Le quotidien français Le Point y a consacré un reportage entier, soulignant une atmosphère “qui raconte une autre réalité”. Plus largement, des centaines d’influenceurs et de figures venues du monde entier ont relayé les images de stades pleins, de fan zones animées, de centres-villes en effervescence. Le streamer américain IShowSpeed, ses 148 millions d’abonnés, a filmé Rabat jouant le rôle d’invité spécial de la finale de la compétition. Ce sont autant de vitrines, démultipliées par les algorithmes des réseaux sociaux, qui ont contribué à projeter une image cohérente : un pays qui reçoit, et qui sait recevoir.
Pour la CAF, ce moment a aussi valeur de tournant. Les fédérations du continent ont vu, de leurs propres yeux, ce qu’un État africain pouvait produire en matière d’organisation. Des journalistes venus de tout le continent ont constaté de visu la trajectoire empruntée par le pays. Certains sont allés jusqu’à critiquer leurs propres autorités pour le retard structurel accumulé. Ce n’est pas anecdotique. C’est le signe que la CAN, en plus d’avoir été un tournoi, a été un cas d’école pour tout un continent.
Ce que cette CAN a confirmé du poids marocain
Il y a dix ans, le Maroc venait de sortir, à grand-peine, d’une mise au ban du football africain. En 2014, le report demandé par Rabat de la CAN-2015 pour cause d’épidémie d’Ebola en Afrique de l’Ouest avait valu au royaume une exclusion sportive et une amende de huit millions d’euros. Le pays apparaissait alors marginalisé sur la carte du football continental. Dix ans plus tard, c’est le même royaume qui accueille la plus grande CAN de l’histoire, co-organisera le Mondial 2030 avec l’Espagne et le Portugal, et héberge à Rabat un bureau régional permanent de la FIFA — le premier du genre en Afrique. La séquence dit en creux le chemin parcouru.
“Le Maroc est désormais un pays clé du football mondial”

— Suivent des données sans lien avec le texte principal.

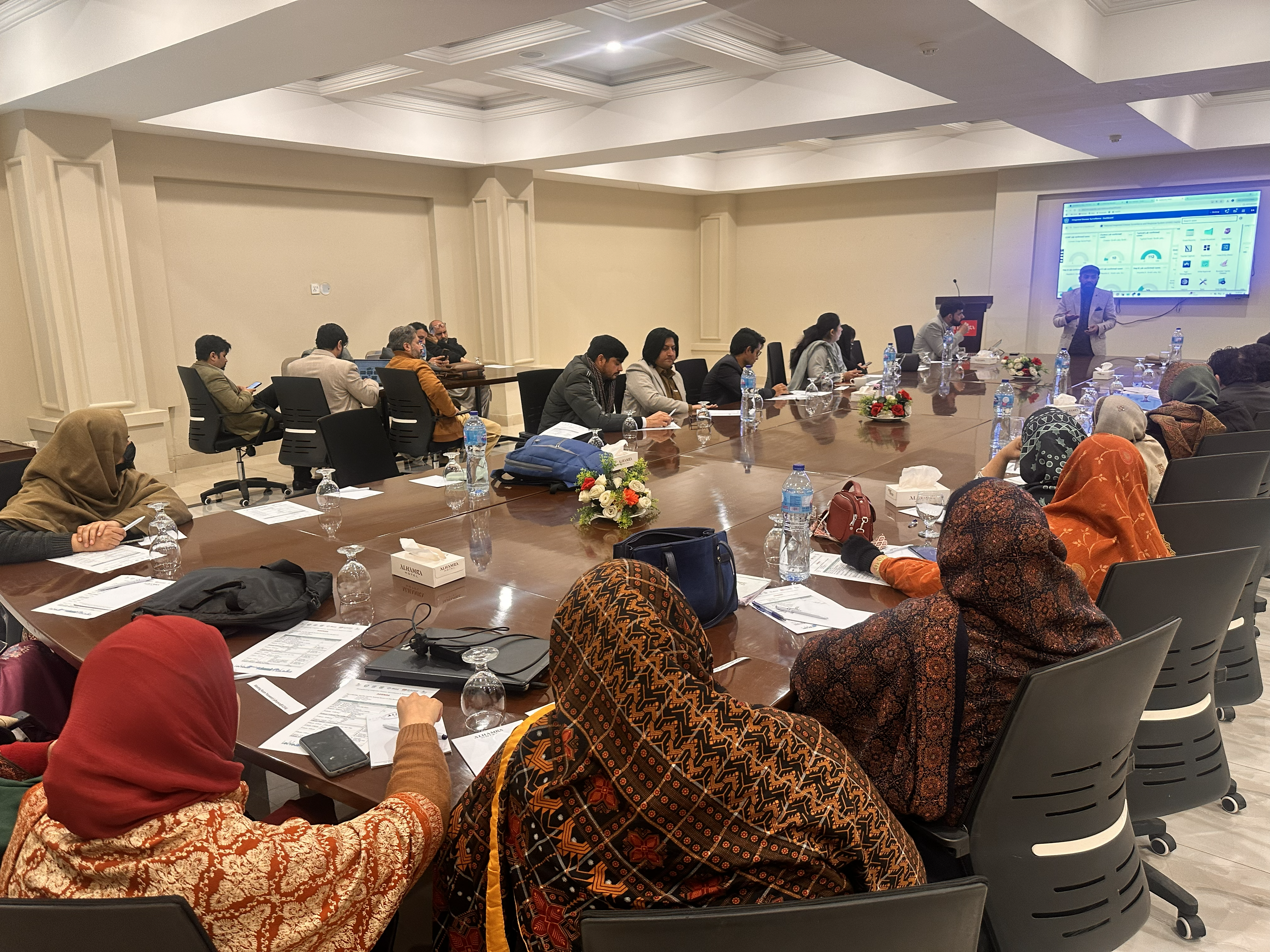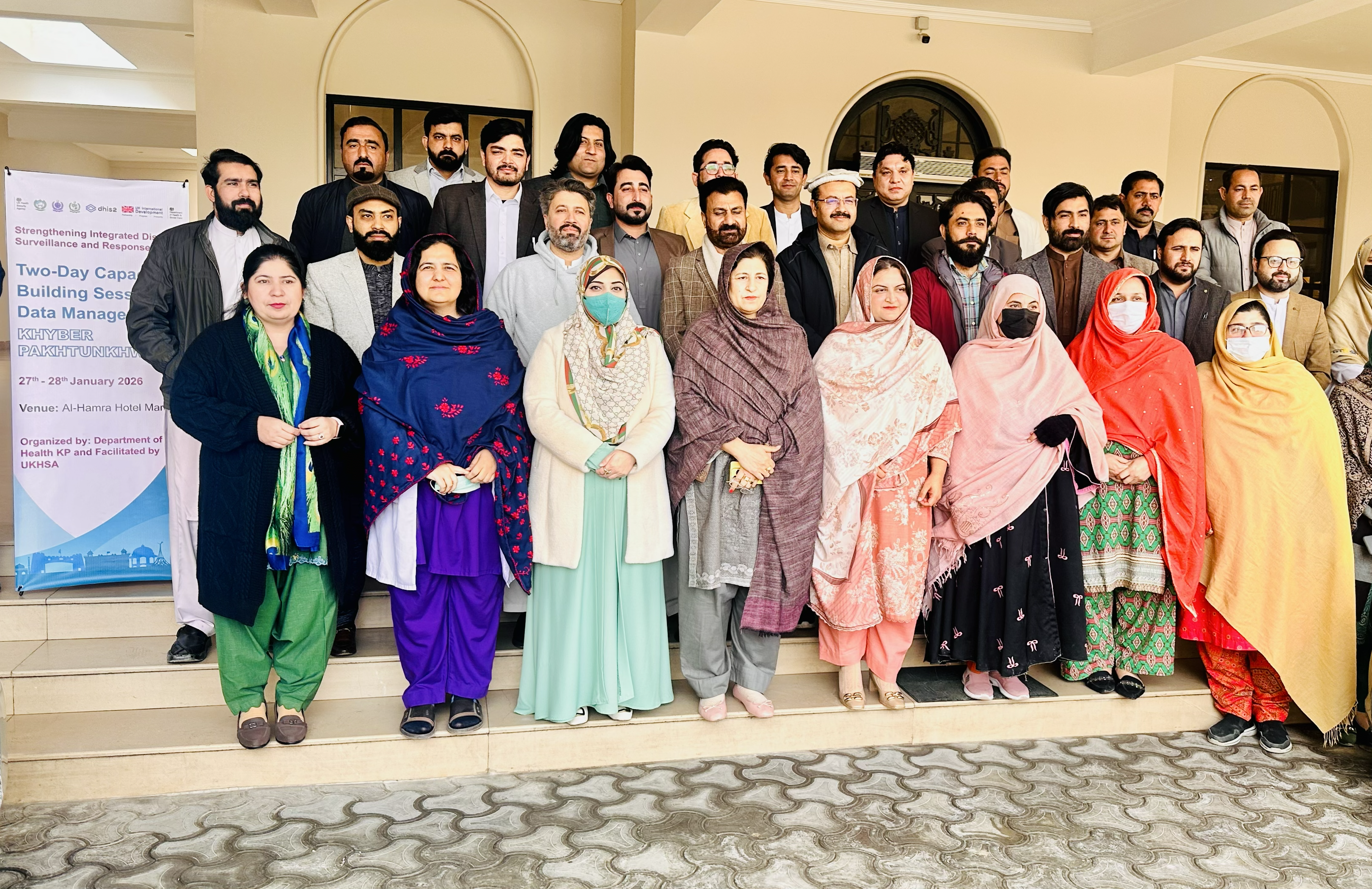 The two-day training was delivered in January 2026 by Pakistan's National Institute of Health, the Khyber Pakhtunkhwa Health Department and the District Health Office Mardan, with technical support from UKHSA's International Health Regulations Strengthening Project (IHR-SP). Health facility in-charges, district supervisors and Field Epidemiology Training Programme staff took part, gaining hands-on experience with the DHIS2 digital platform and its dashboards.

Pour le Royaume, l’enjeu de cette CAN dépassait largement le terrain. Il s’agissait de prouver, dans les faits, que la promesse marocaine sur 2030 n’était pas, justement, qu’une promesse. C’était déjà une réalité industrielle, organisationnelle, financière. La FIFA l’avait compris dès 2023, en confiant au royaume l’organisation du Mondial des clubs avant même la CAN. “Le Maroc est désormais un pays clé du football mondial”, avait alors déclaré Gianni Infantino.
La séquence de décembre 2025 – janvier 2026 a validé l’assertion. Reste l’essentiel : ce que ce tournoi laisse derrière lui. Des stades, bien sûr — qui serviront pour le Mondial des clubs 2029, puis pour le Mondial 2030. Mais aussi des standards d’organisation désormais documentés. Un savoir-faire en matière de sécurité et de logistique d’événement international, exportable et déjà étudié à l’étranger. Un soft power renforcé sur le continent et au-delà. Et surtout, une matrice. Celle qui permettra, dans cinq ans, d’aborder le Mondial avec la sérénité de ceux qui ont déjà tenu un examen comparable.
C’est peut-être là le vrai héritage de la CAN 2025. Une démonstration. Celle d’un pays qui, à chaque étape, a coché les cases. Et qui a montré qu’à ce niveau, le football ne se joue plus seulement sur la pelouse. Il se joue dans les bureaux, dans les rédactions, dans les fan zones, sur les écrans du monde entier. Et qu’à ce jeu-là, le Maroc, désormais, est dans son couloir.